• [TASK DESCRIPTION]: Every line from the one holding "Sukces ucznia szydłowieckiego" through the one holding "2:进入任务栏和开始菜单属性" in the data below must be returned exactly, both ends included, with pictures left out and nothing else added.
::: SOURCE DATA :::
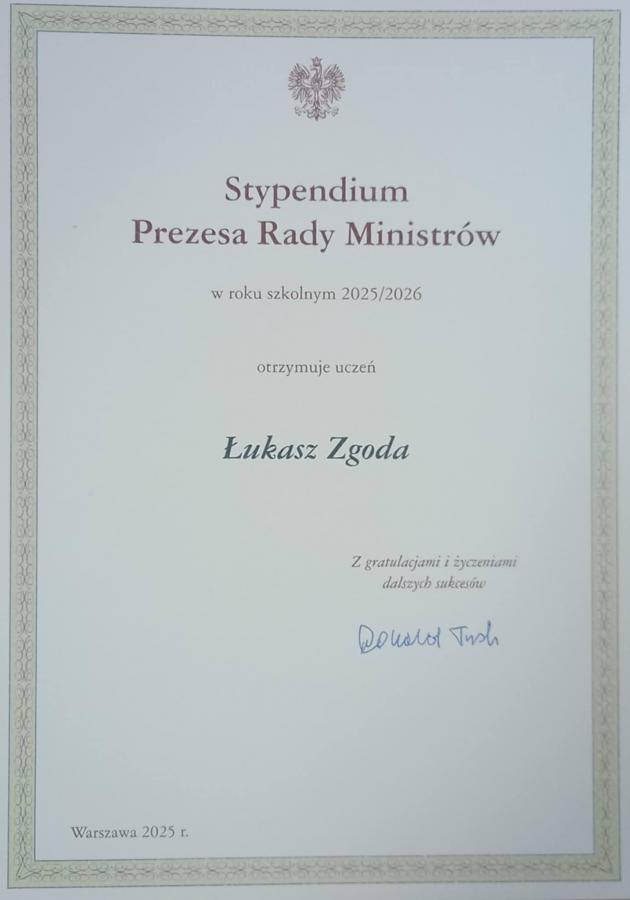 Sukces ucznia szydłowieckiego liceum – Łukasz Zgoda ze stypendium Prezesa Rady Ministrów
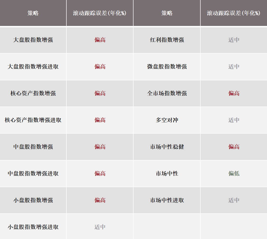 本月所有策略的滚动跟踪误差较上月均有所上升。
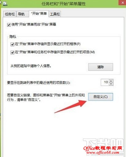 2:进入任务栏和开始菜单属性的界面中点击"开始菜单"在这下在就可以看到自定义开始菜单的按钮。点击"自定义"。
:::
::: SOURCE DATA :::
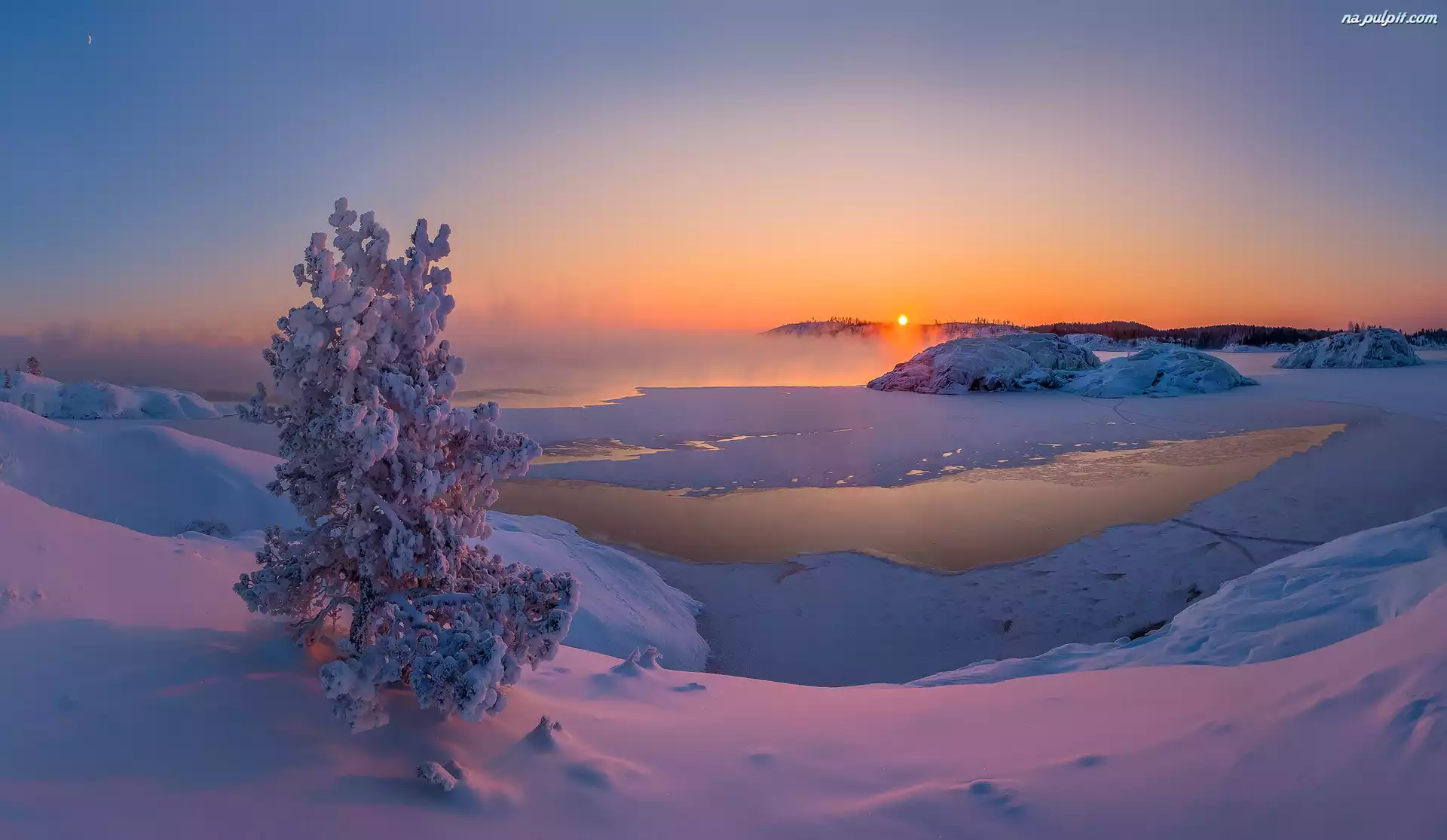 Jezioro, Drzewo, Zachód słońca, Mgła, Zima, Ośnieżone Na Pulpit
:::
::: SOURCE DATA :::
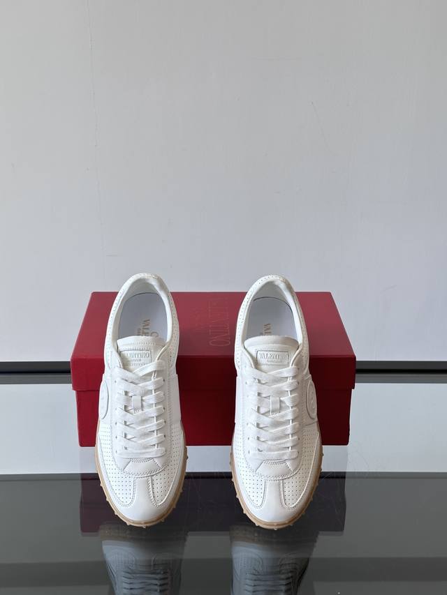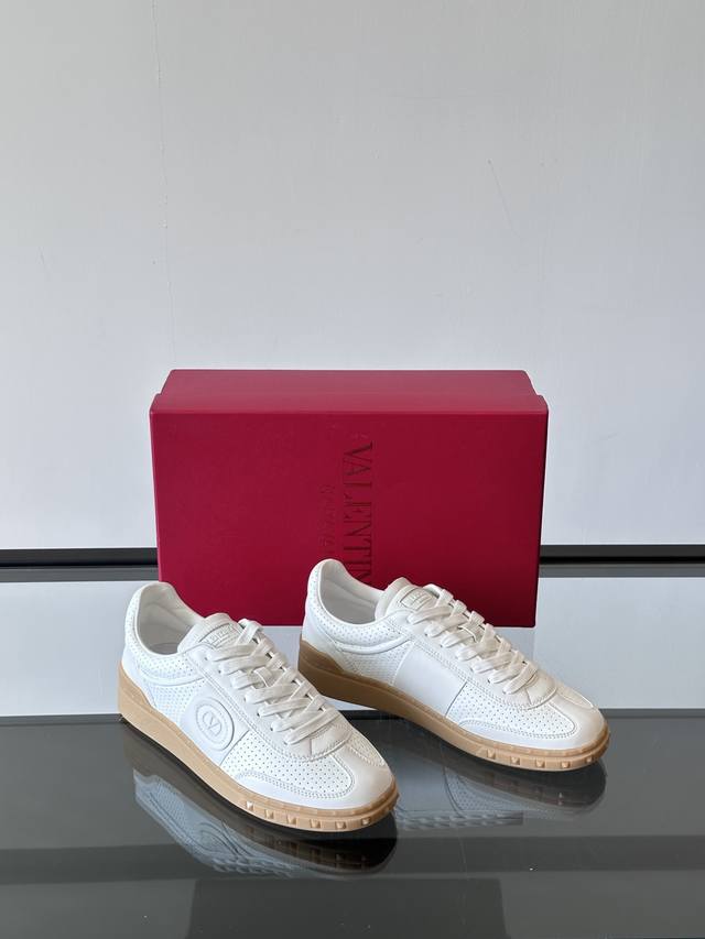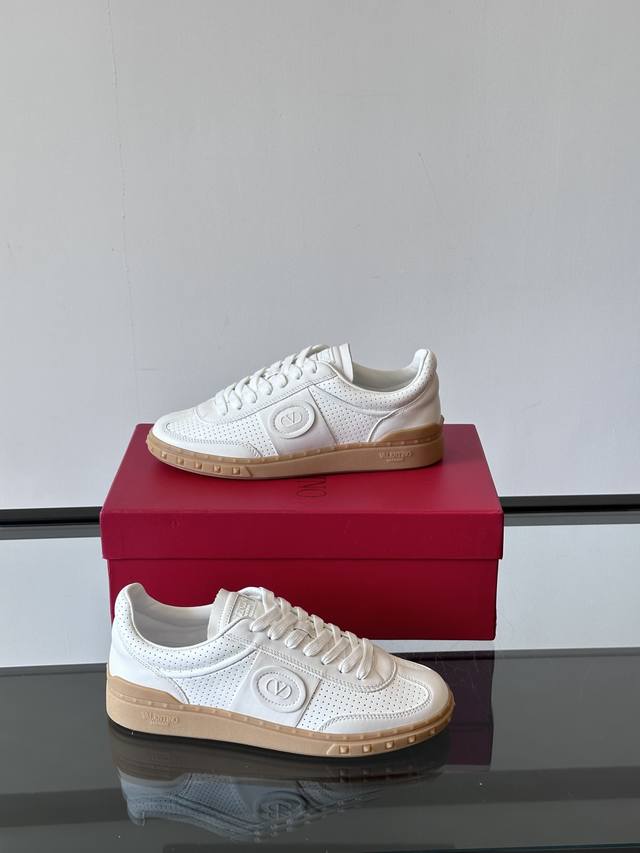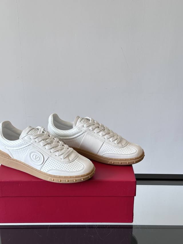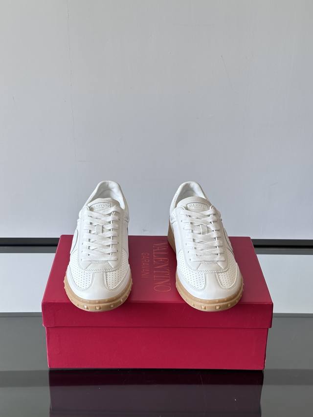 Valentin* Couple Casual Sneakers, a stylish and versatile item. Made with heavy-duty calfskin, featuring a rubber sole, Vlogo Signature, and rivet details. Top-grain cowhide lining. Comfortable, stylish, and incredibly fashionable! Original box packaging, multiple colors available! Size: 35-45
:::
• [TASK RESPONSE]:
 Sukces ucznia szydłowieckiego liceum – Łukasz Zgoda ze stypendium Prezesa Rady Ministrów
 本月所有策略的滚动跟踪误差较上月均有所上升。
 2:进入任务栏和开始菜单属性的界面中点击"开始菜单"在这下在就可以看到自定义开始菜单的按钮。点击"自定义"。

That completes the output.